While a lawsuit between GTBank and Afex Commodity Exchange about a N17 billion loan under the Anchor Borrowers Program remains outstanding, Guaranty Trust Bank has brought no less than sixty senior officials of thirteen commercial banks before the court.
The 60 executives, which include the chairmen, CEOs, directors, and company secretaries of the 13 banks, are being held in contempt for allegedly neglecting to carry out a No-Debit-Order that was purportedly placed on the Afex Commodity Exchange’s bank accounts.
The Federal High Court, Lagos division, presided over by Justice CJ Aneke, signed an order in suit no. FHC/L/CS/911/2024 involving Guaranty Trust Bank Limited and AFEX Commodities Exchange Limited, mandating that the bank chairman, MDs, directors, company secretaries, and liquidator of Heritage Bank (Nigeria Deposit Insurance Corporation) be committed to jail for disobeying the court’s May 27, 2024 ruling.

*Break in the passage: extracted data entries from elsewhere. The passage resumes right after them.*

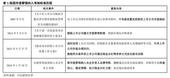 2)进一步研究将市值管理纳入央企负责人考核标准:我国市值管理的概念最初是在2005年提出,国资委在2005年9月发布的《关于在上市公司股权分置改革中国有股股权管理有关问题的通知》中,首次明确提出将市值纳入考核体系;2014年5月8日,国务院发布的《关于进一步促进资本市场健康发展的若干意见》中,提出发展多层次股票市场、提高上市公司质量,并鼓励上市公司建立市值管理制度,树立了市值管理在中国资本市场的重要位置;2022年5月27日,国资委发布的《提高央企控股上市公司质量工作方案》中提出,鼓励中央企业探索将价值实现因素纳入上市公司绩效评价体系,建立长效化、差异化考核机制,引导上市公司依法合规、科学合理推动市场价值实现,表明国家持续推动将市值管理纳入央企考核标准。近日国资委再次传递出“深化市值管理纳入考核标准”的信号,代表国家对市值管理纳入考核的态度从“鼓励、支持”转变为“深入、要求”,从而进一步推动央企改革。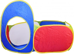 Ten elastyczny zestaw namiotów z tunelami zapewnia dzieciom bezpieczną przestrzeń do czołgania się, chowania i aktywnej zabawy. Namiot trójkątny ma tarczę do rzucania z 4 piłeczkami na rzep, kwadratowy namiot umożliwia łączenie tuneli, a kosz na piłeczki w baseniku wspiera celność i koordynację. Dzięki panelom z siatki wewnątrz jest przewiewnie, a rodzice mają dobrą widoczność.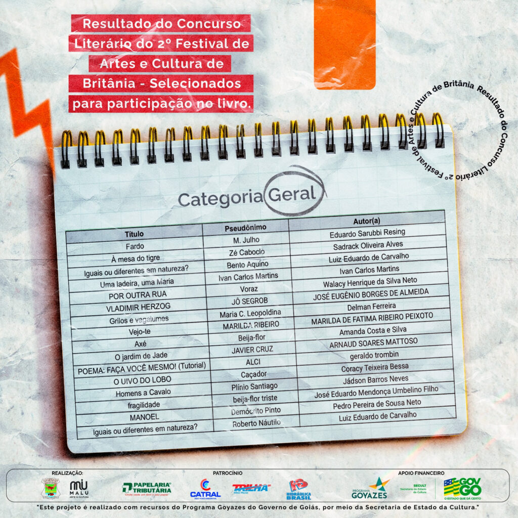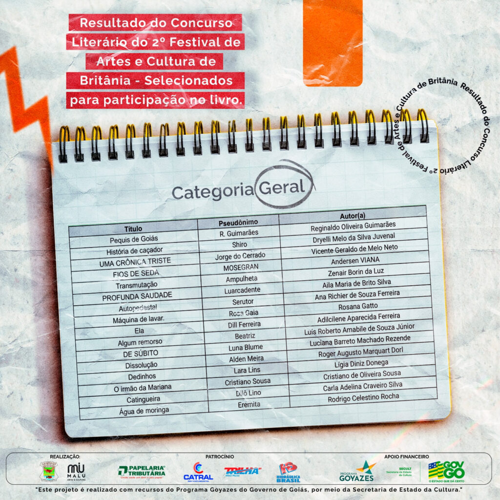 CONCURSO LITERARIO 2º FESTIVAL DE ARTES E CULTURA BRITÂNIA – CATEGORIA GERAL – SELECIONADOS PARA PARTICIPAÇÃO NO LIVRO
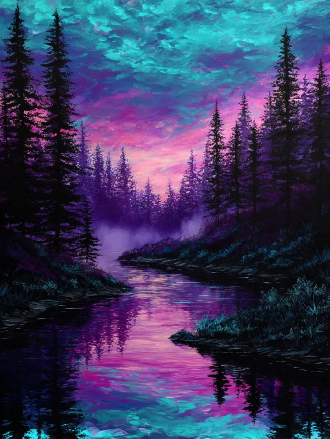 Tall pine silhouettes frame a glowing river that winds gently through the forest. The sky bursts with vivid shades of turquoise, magenta, and soft lavender that blend across thick textured clouds. Those rich colors reflect beautifully in the calm water below and create a mirror like ribbon of color that leads the eye deep into the scene. Dark evergreen trees stand tall along both sides of the river and add contrast against the luminous sky. Loose acrylic brush strokes give the clouds a soft painterly texture while deeper layered tones shape the grassy banks and shadowy forest edges.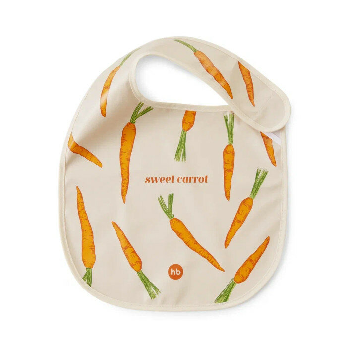 16009, Нагрудник для кормления Happy Baby, слюнявчик, водонепроницаемый, на липучке, от 6 мес, оранжевый с морковками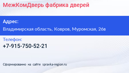 МежКомДверь, фабрика дверей по адресу Владимирская область, Ковров, Муромская, 26в в дальнейшем Организация, размещена в следующих категориях: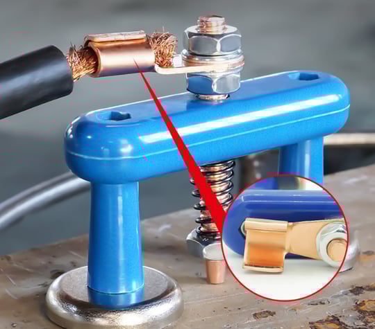 Configure uma braçadeira de aterramento para trabalhos de soldagem em qualquer lugar em segundos.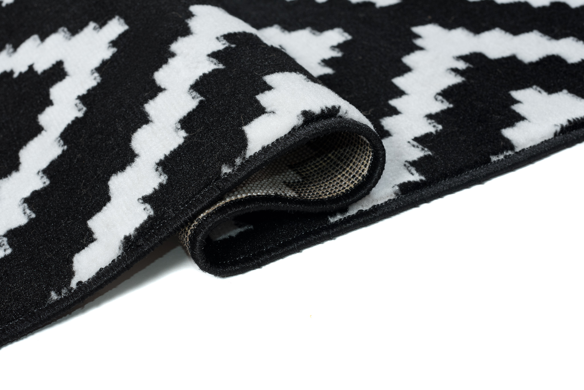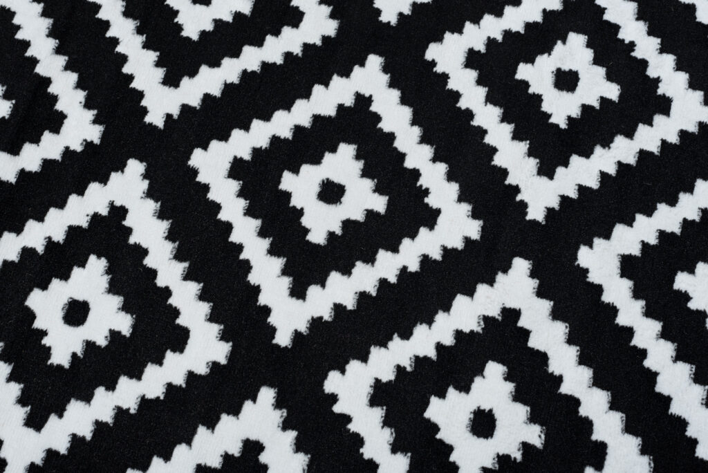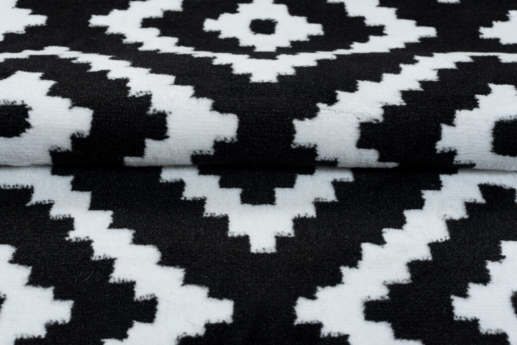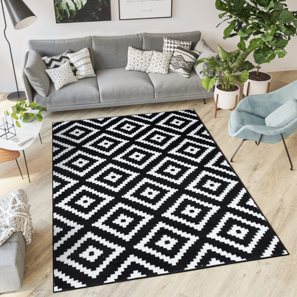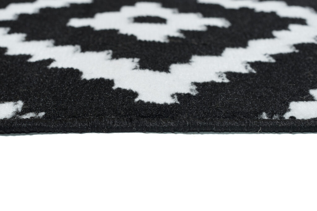 Najlepiej prezentuje się na jasnych podłogach, które podkreślają kontrast kolorów i nadają wnętrzu świeżości, choć równie interesująco wygląda na ciemnych powierzchniach. Wysoka jakość wykonania zapewnia jego trwałość. Taki dywan w czarno białe geometryczne wzory z pewnością szybko nie wyjdzie z mody.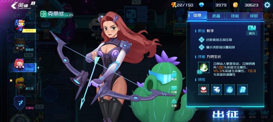 主要是培养英雄克丽丝(因为她的技能能吸引野怪的仇恨和抵挡飞行物伤害,对于新手玩家而言是很不错的,我个人也是喜欢这么用,尤其是一些boss技能很密集,很难躲掉)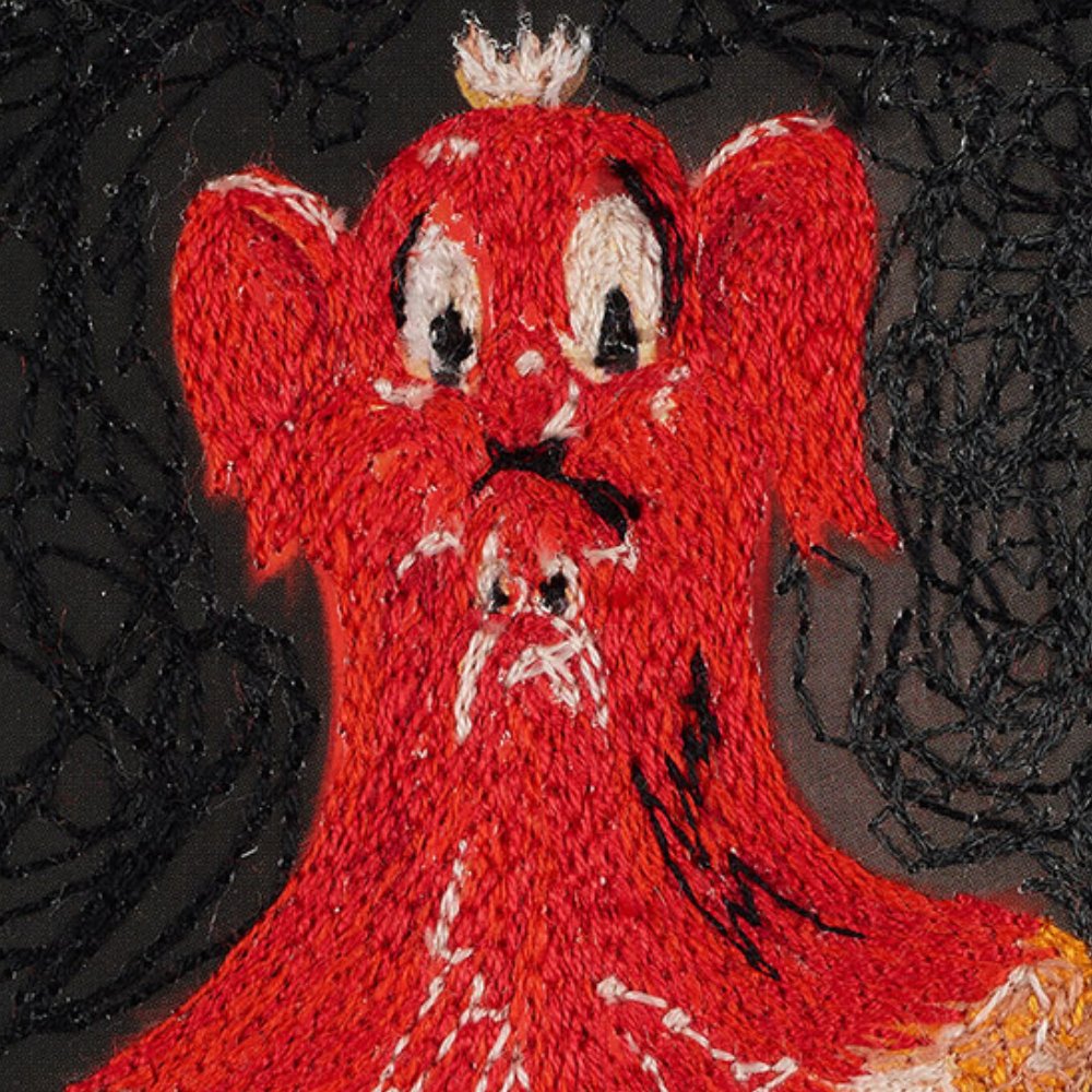 "Phish is a jam band who has been around for over 20 years and is just as famous for their live shows as they are their studio albums. The story of the ghost was released in 1998 and features cover art by one of my favorite artists, George Condo. You may recognize his work from Kanye West's, "Dark Twisted Fantasy." All of his artwork is amazing and this is my favorite album cover that he has done. I’ve embroidered the whole piece using wool thread in multiple colors carefully tracing each curve and angle. I finished the piece by creating a patch with the title and band name and mounted it over the album." – Stephen Wilson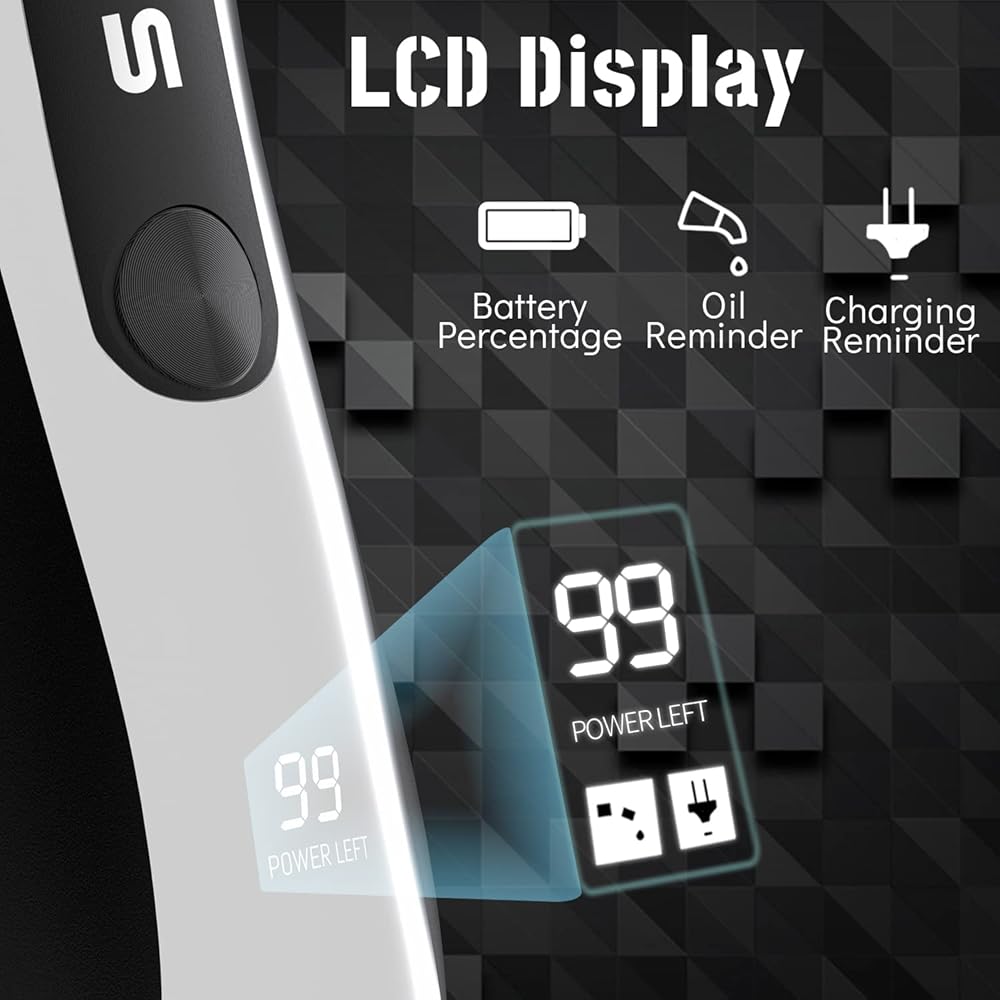 LCD Display and LED Light - The LCD display of body shavers for men shows the percentage of battery remaining can remind you to charge in time and add oil in time. The LED light offers illumination for a thorough and clean trim.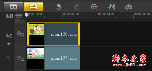 1、首先用戶需要打開進(jìn)入會(huì)聲會(huì)影的界面菜單,進(jìn)兩種圖片素材分別導(dǎo)入視頻軌以及覆疊軌中。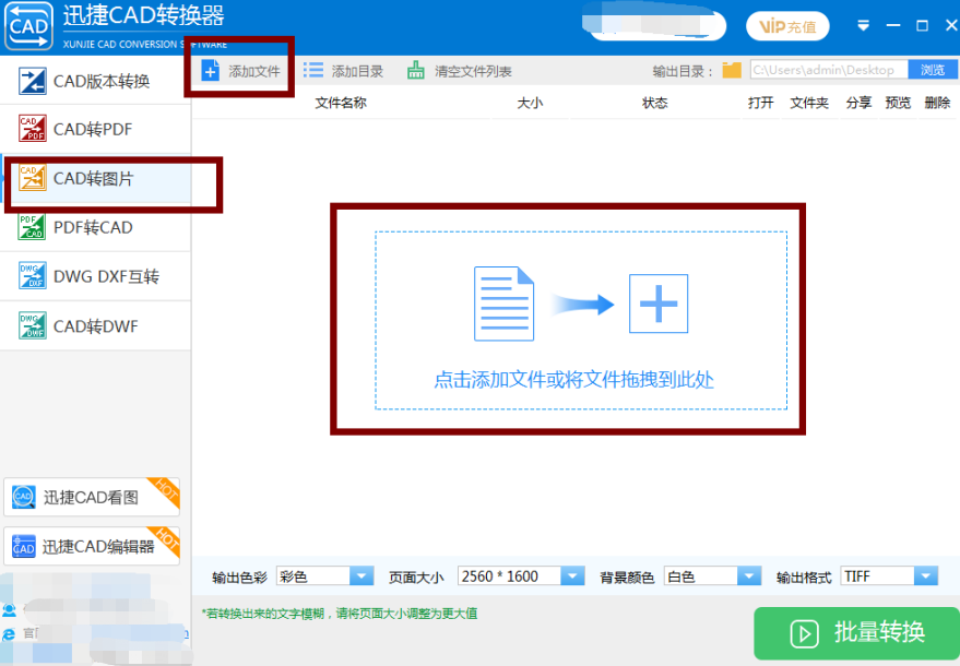 进入迅捷CAD转换器,把软件安装在电脑桌面上。打开运行后,我们在主界面选择CAD转图片功能,随即在右方区域添加相应的文件。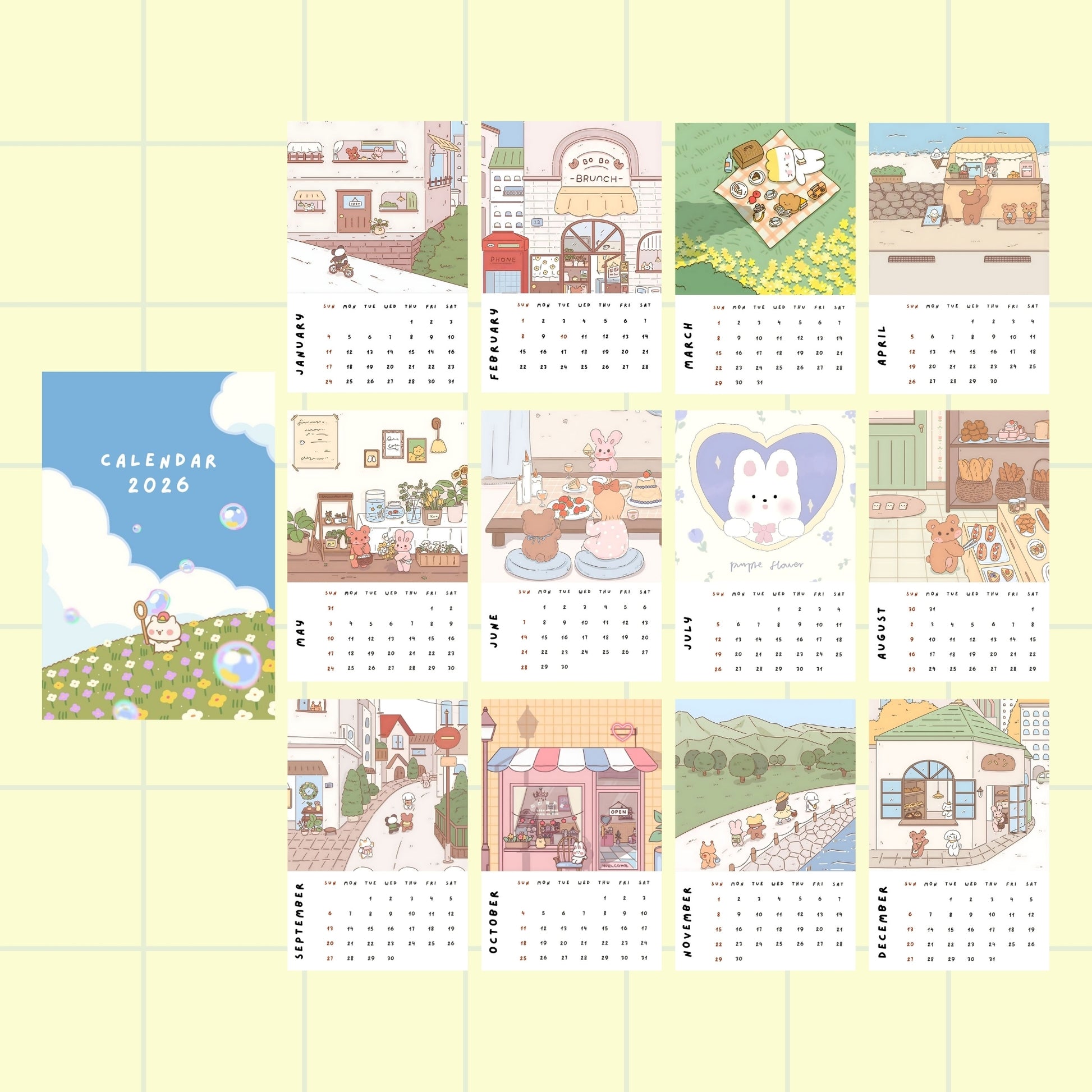 Kawaii 2026 Desk Calendar — Mini Poster Style

A court ruling headed “Order to serve notice of disobedience to order of court via newspaper publication” was partially read on Thursday and appeared in a few major newspapers, including The PUNCH.
It read “An order granting leave to the Plaintiff Applicant to serve Form 48 (Notice of Consequences of Disobedience to Order of Court) dated 11th June, 2024 and all other forms and processes that may be issued in this contempt proceedings inclusive of Form 49 on the 1st-60st parties cited for contempt”.
The matter was postponed until next Thursday.
The following banks and their principal officers have been cited for contempt: Access Bank, Citibank, Jaiz Bank, Union Bank, Fidelity Bank, First Bank of Nigeria Plc, First City Monument Bank, NDIC (heritage bank liquidator), Polaris Bank, Stanbic IBTC Bank, Standard Chartered Bank, Taj Bank, United Bank for Africa, and Zenith Bank.
Twenty banks were instructed to send funds to the respondent’s credit into AFEX’s GTB account until the N17.81 billion is paid back in the court order dated May 27, 2024.